No es la primera vez que estas monjas de clausura descubren parte de su hogar. Tras la pandemia, un grupo de guías turísticos liderados por Filipe Ribeiro impulsaron una serie de visitas solidarias a los conventos de la ciudad para ayudar a congregaciones que apenas tenían para comer. Ellos ofrecían su trabajo de forma altruista y el donativo de cada visita lo recibían las hermanas. «De paso, los visitantes podían comprar los productos de los conventos. Era una forma de que ellas volviesen a ganar dinero con su trabajo», explica Ribeiro. Aunque en un principio empezaron estas visitas con grupos de conocidos, tuvieron tanto éxito que en un fin de semana llegaron a reunir, por turnos, hasta 1.200 visitantes. Nueve de las diez comunidades de la ciudad participaron en la iniciativa. «La necesidad está obligando a las hermanas a modificar su clausura para poder vivir. Nuestras visitas siempre se han hecho desde el máximo respeto. El objetivo era mostrar el patrimonio, pero hemos conseguido también que la gente descubra cómo es la vida contemplativa», confiesa este guía, que se ha convertido, sin ser creyente, en uno de los grandes benefactores de las monjas de la ciudad. Cuando necesitan un recado, o resolver algún problema, recurren a Ribeiro, aunque también se acuerdan de él cuando preparan buenos guisos. «Son hermanas de verdad», admite.
Situación desigual
Ribeiro es uno de los voluntarios que colabora con Declausura, organización laica que también echa una mano a monjas y frailes con sus problemas más urgentes, desde la gestión de las facturas para abaratar los gastos hasta la petición de ayudas y subvenciones cuando la situación es más crítica. Por el momento han respondido la llamada de auxilio de unas 190 comunidades. «La verdad es que ellas son un colectivo olvidado», apunta Cecilia Cozar, responsable de asesoramiento a las comunidades monásticas. En muchas ocasiones, acostumbradas a ser ellas las que ofrecen lo que tienen a los demás, ni siquiera se atreven a confesar sus penurias. Tampoco las ayudas a los más vulnerables están pensadas para ellas. «Sólo buscan auxilio cuando realmente están con el agua al cuello», apunta Cozar. «Y nosotros creemos que su modo de vida es también un patrimonio inmaterial que se está perdiendo y hay que preservar».

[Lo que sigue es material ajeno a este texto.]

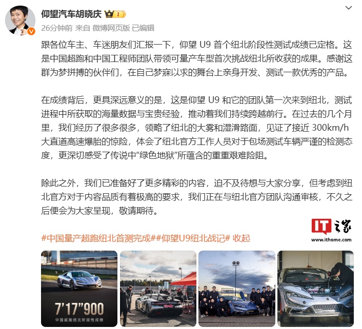 IT之家 11 月 12 日消息,仰望销售事业部总经理胡晓庆今日发布仰望 U9 首个纽北阶段性测试成绩:7 分 17 秒 900。据介绍,这是比亚迪中国超跑和中国工程师团队带领可量产车型首次挑战纽北所收获的成果。
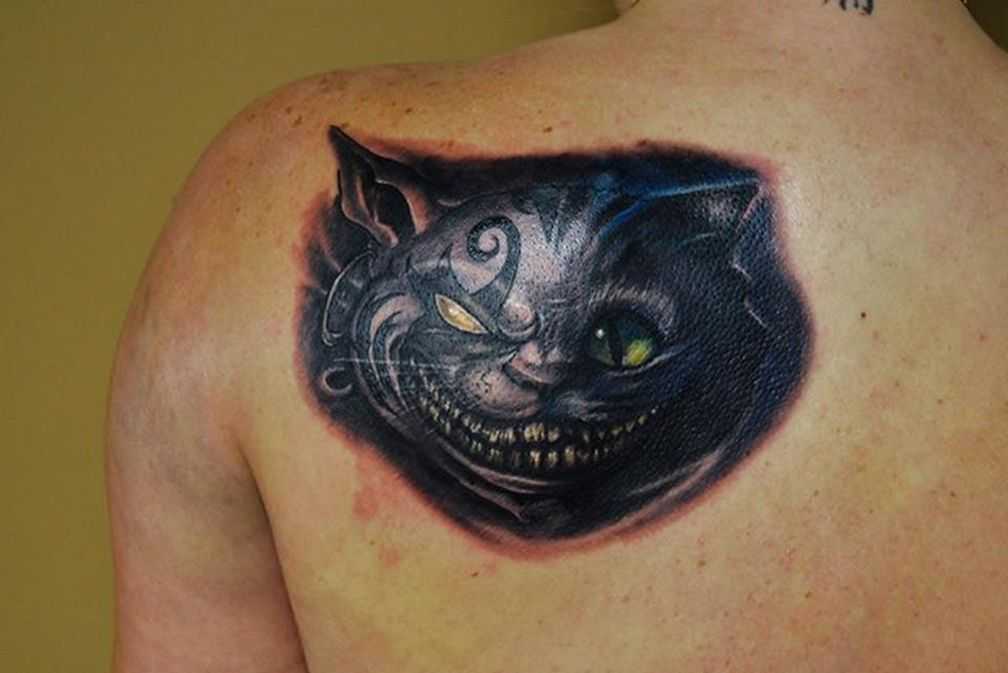 Суть заключается в том, что на спине имитируют разрыв или разрез кожи, а внутри вместо мышц и костей виднеются металлические механизмы, поршни и шестеренки. То есть человек предстает в роли робота. Такая татуировка требует от мастера незаурядных художественных способностей;
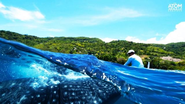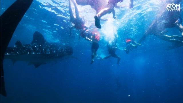 Pinasyalan din ni Atom ang bayan ng Oslob sa Cebu, isa rin sa dinarayong whale shark interaction site. Pero may ilang bumabatikos sa paraan ng turismo sa Oslob dahil pinapakain ng mga mangingisda ang mga butanding para lumapit sa mga turista.
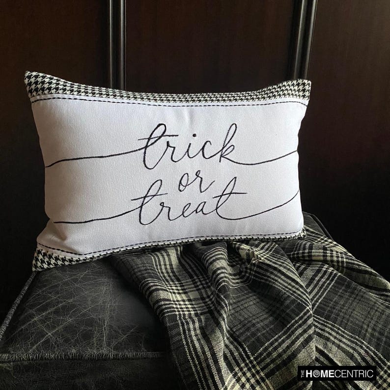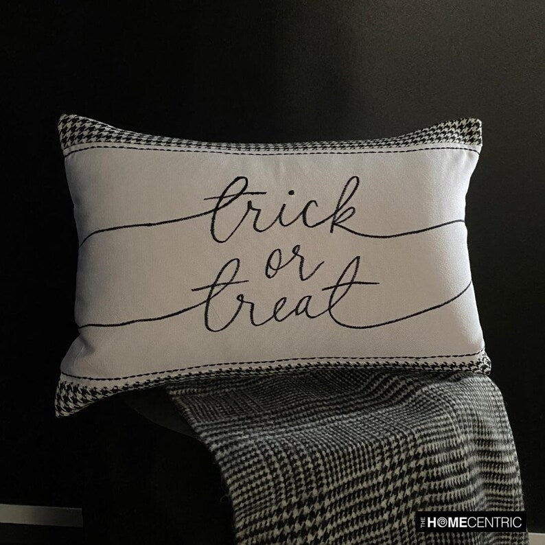 Pattern: Houndstooth Pattern with Embroidered "Trick or Treat"
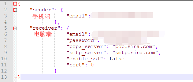 设置电脑端和手机端邮箱的信息。手机端邮箱的信息用于验证发信人是否为合法控制电脑者,电脑端邮箱的信息用于电脑端接收和发送邮件。

Con todo, reivindican desde Declausura, no todas las comunidades pasan estrecheces económicas. Algunas se han adaptado contra reloj a la inflación, como la mayoría de los hogares. En el monasterio cisterciense de Santa María la Real de Villamayor de los Montes (Burgos), donde viven de la producción de dulces y una pequeña hospedería, decidieron este año poner paneles solares en lo que antaño fue una gran huerta. «Supone un recorte considerable en la factura de la luz, y eso que todavía no tenemos baterías para almacenar la energía... Pero, bueno, todo se va haciendo poco a poco, cuando podemos», cuenta sor Camen, madre superiora de una comunidad de catorce hermanas. Así, relata, los hornos del obrador, que sí resurgió tras la pandemia, pueden seguir funcionando a pleno rendimiento, gracias a Dios.